George Packer’s ‘The Unwinding’ draws a sharp line between the movers and the moved

Chuck Twardy

Three and a half stars

The Unwinding: An Inner History of the New America by George Packer, $27.

George Packer’s The Unwinding is a work of People’s History. Its recounting of the last half-century, roughly, focuses on how Ordinary People endure history as it is made by Great Men. A social structure unravels before our eyes, through theirs.

If you have made it to your middle years, you are aware of it, a Post-Industrial World displacing the certainties of the Late Industrial. The rise and acceptance of Labor had built a broad middle class, but the crumbling of industry and the simultaneous rise of branding and “wealth creation” have diminished it.

That’s part of Packer’s brief, at least, as he chronicles the lives of the unchronicled, the knight’s pages and impressed farmhands wondering if the chap with the caparisoned stallion knows where we’re going. Jeff Connaughton, for instance, is a faithful servant, an Alabama lad who could not shake off a brief encounter with nobility, and who shed a career in financial finagling to help Joe Biden suit up for battle. But Connaughton finds only disillusionment in both politics and Biden.
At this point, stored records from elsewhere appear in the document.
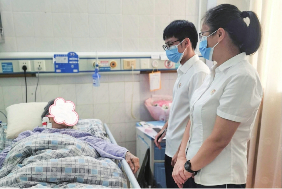 当日,茂名市南宏公证处指派两名公证员到茂名市人民医院黄女士的母亲徐婆婆病房内为其办理公证手续(见右图)。经公证员与徐婆婆交流发现,徐婆婆虽然身体不适,但头脑清楚、神志清醒,能对答流畅、表达清晰。随后,公证员向徐婆婆告知了办理继承公证及委托公证的法律意义和法律后果,确保徐婆婆清楚明白办理相关公证的权利义务。公证员在充分了解徐婆婆的意愿并得到徐婆婆同意后,对徐婆婆进行了询问并依法办理了相关公证手续。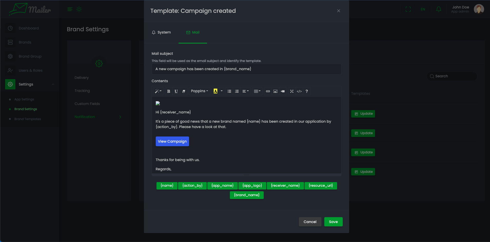 When updating template to insert tag into template you have to click on the tag to insert. But for something like url or image you have add them from editor menu. From above screenshot if you want to add the {resource_url} tag to the template. Click on the link option and add it in second input. Add your link header in first input. For {app_logo}, Click on picture from editor menu and add this to the input box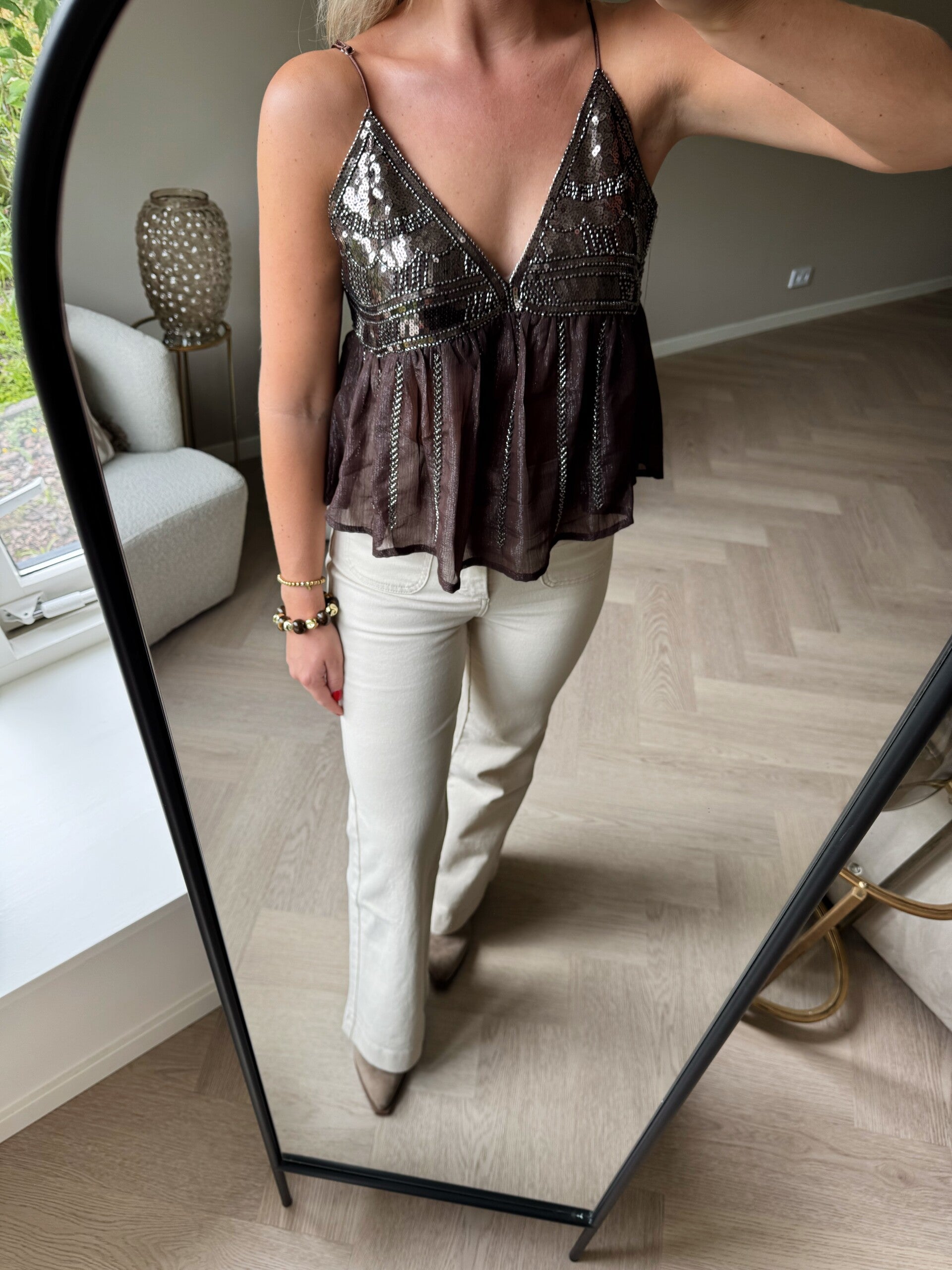 Dit super leuke topje is met bijna alle maten goed te dragen omdat de bandjes verstelbaar zijn. Qua omvang valt hij op maat. Super leuk te combineren met de zandkleurige jeans.

Or there’s Dean Price, the small-town North Carolina boy, Christ-haunted in Flannery O’Connor’s phrase, who works his way into and out of promising endeavors that insufficiently pan out—although, oddly, he finds a small measure of success in my county, Pitt, whose school board sells cafeteria cooking grease to his biofuels-making project. Or Tammy Thomas, who watches African American society crater as Youngstown, Ohio, collapses on itself, and remembers living with her servant grandmother in the mansion of a declining old lady. It’s something of a metaphor for the book—little people lost in history’s abandoned spaces.
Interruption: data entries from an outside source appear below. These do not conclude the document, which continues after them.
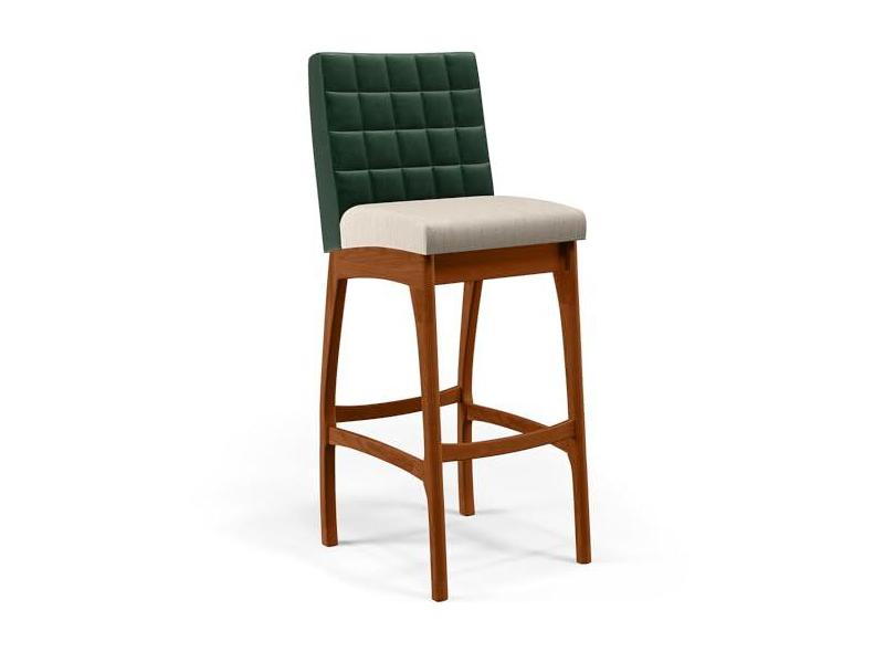 Banqueta Alta Para Cozinha Sala De Jantar Fixa Mila L02 Facto Verde Musgo Linho Cru - Lyam Decor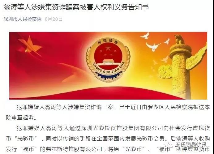 今年8月28日深圳市人民检察院通告称,犯罪嫌疑人翁涛等人通过深圳光彩投资控股集团有限公司向社会发行虚拟货币“光彩币”,同时以传销的手段发展会员。后翁涛等人收购“福币”,将原“光彩币”、“福币”及会员合并,向社会推出“凯富K”积分,通过积分兑换股权等方式继续非法集资,后无法按时兑付投资者的投资款。犯罪嫌疑人翁涛等人涉嫌集资诈骗一案,已于近日由罗湖区人民检察院报送本院审查起诉。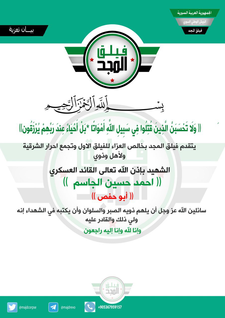 فيلق المجد يعزي الفيلق الأول وتجمع أحرار الشرقية بالقائد العسكري أحمد حسين الجاسم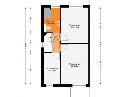 Vanaf de overloop zijn drie slaapkamers en de badkamer te bereiken. Aan de voorzijde zijn slaapkamer I (circa 4,41 x 2,97) en slaapkamer II (circa 3,45 x 1,79). Slaapkamer III (circa 3,88 x 2,97) bevindt zich aan de achterzijde.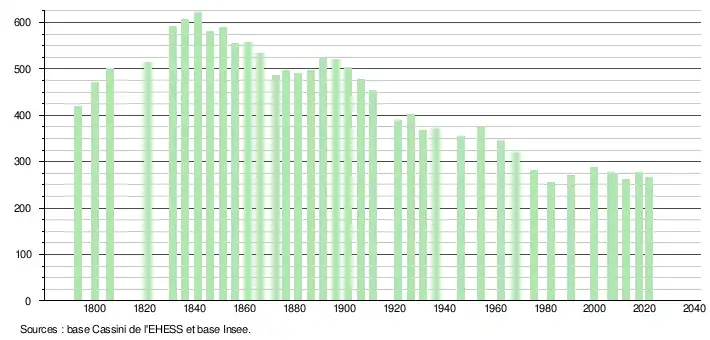 L'évolution du nombre d'habitants est connue à travers les recensements de la population effectués dans la commune depuis 1793. Pour les communes de moins de 10 000 habitants, une enquête de recensement portant sur toute la population est réalisée tous les cinq ans, les populations légales des années intermédiaires étant quant à elles estimées par interpolation ou extrapolation[23]. Pour la commune, le premier recensement exhaustif entrant dans le cadre du nouveau dispositif a été réalisé en 2007[24].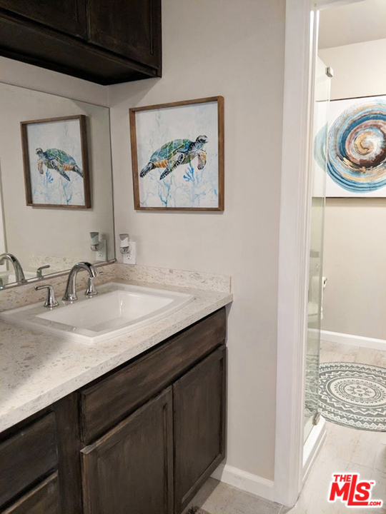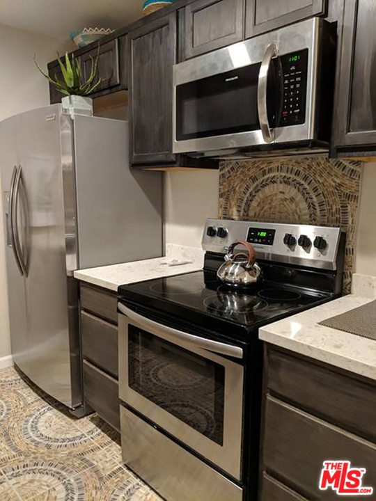 Amazing opportunity to own in Encino! This beautiful top-floor corner unit features an open floor plan on 990 square feet of living space. Large two-bedroom, two-bathroom double master, each with an en-suite bathroom. Fully remodeled in 2019, move-in ready condition. Option to purchase fully furnished. Beautifully remodeled fully functioning kitchen includes all appliances. Large dining area and living room lead out to a peaceful balcony. Two assigned garage parking spots. Complex amenities include heated pool and spa, sauna, fitness center, three tennis courts, barbecues, recreation room, and banquet area. Association fee includes water paid, complex insurance paid, trash paid, and 24-hour security.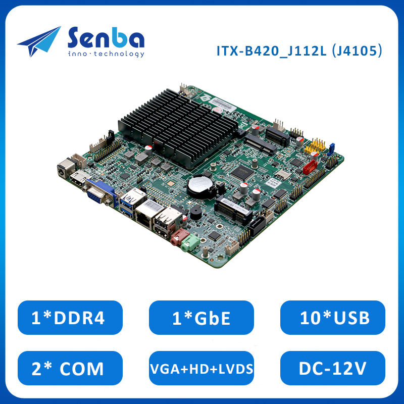 Carte mère industrielle embarquée Mini ITX J4105 DDR4 SIM 10 USB 2 COM PS2 LPT 17 X17 avec processeur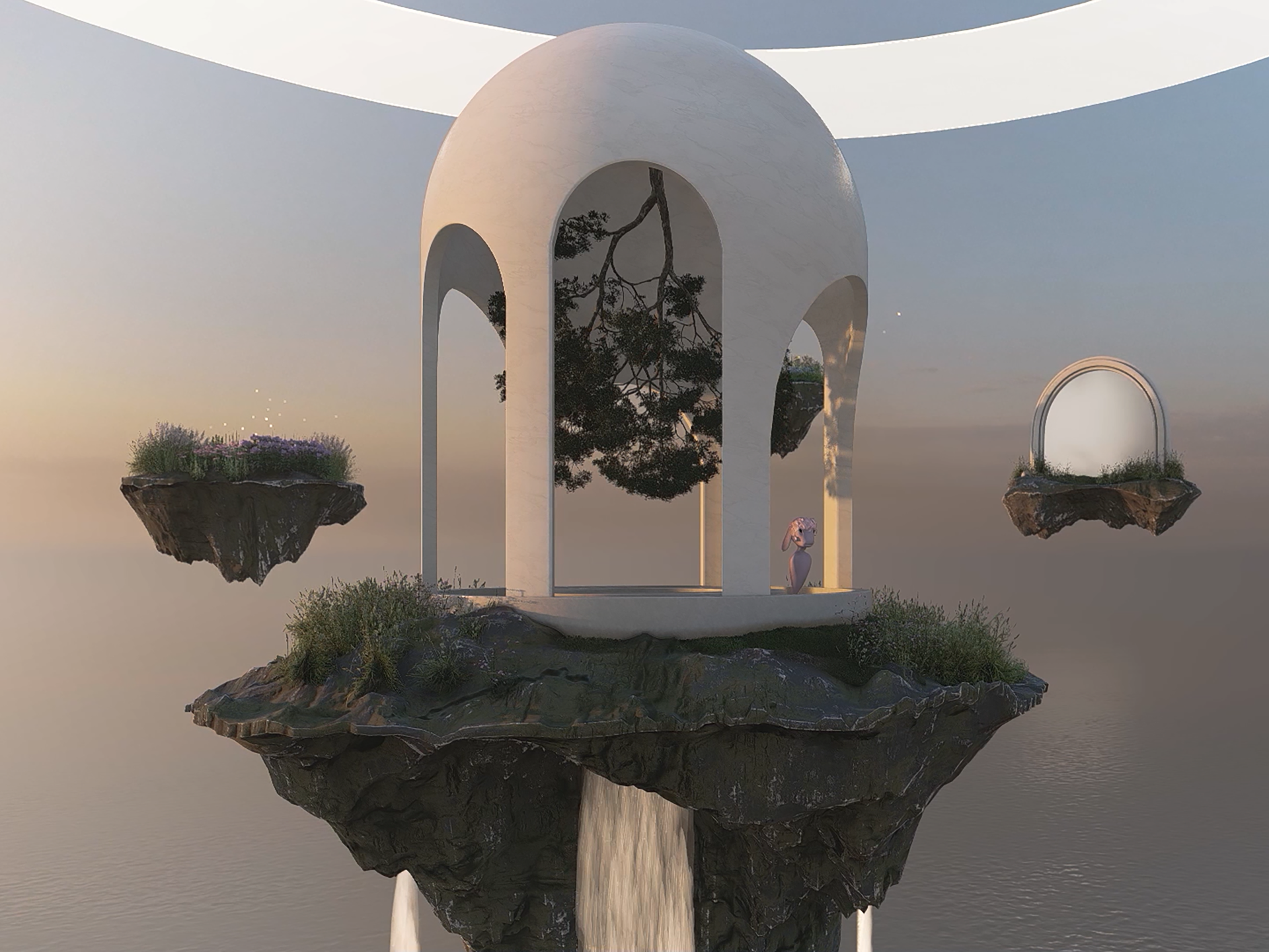 When I first joined the platform, everything built in it had sharp geometric edges, high-contrast, dark [and] neon colors—very intense and cyberpunk, as you can imagine. Personally, I prefer online spaces that are more soothing. The Somnium Treehouses I designed to feel like a mother’s womb—like a warm embrace, hence the shape and color.

And so on, their tales told incrementally, with breezy bios of Oprah Winfrey and Sam Walton and others Packer sees, presumably, as Unwinders scattered among them. Or, in Elizabeth Warren’s case, a would-be Rewinder. Packer unfolds Warren’s biographical sketch up to her Senate run last year, which she won. But he concentrates on how a decade’s worth of research into personal bankruptcy converted Warren from a Republican convinced that poor people are cheats to a bête noire of Republicans and Democrats alike. Not only did she learn that her assumptions were wrong, she realized that both parties were serving the interests of investment bankers, by stripping away regulations and greasing the skids for continuing cycles of boom and bust. “She had arrived at radicalism, like many conservatives before her, by seeing the institutions that had sustained the old way of life collapse,” Packer writes.

Sections open with Key Years, each with a torrent of headlines and taglines, such as Apple’s infamous assurance that 1984 was not 1984. These complement Hooker’s loosely narrative-nonfiction approach. His sweep is breathtaking, but for a 448-page book, the pace seems oddly breathless at times, and you wonder if Packer sometimes succumbs to a superficiality he would otherwise condemn. His “A Note on Sources” is a bibliography; nothing is directly attributed. But Packer’s prose is nearly always flawless—cleverly descriptive, charmed or bitter as needed. And he leaves room, at least, to imagine a Rewind.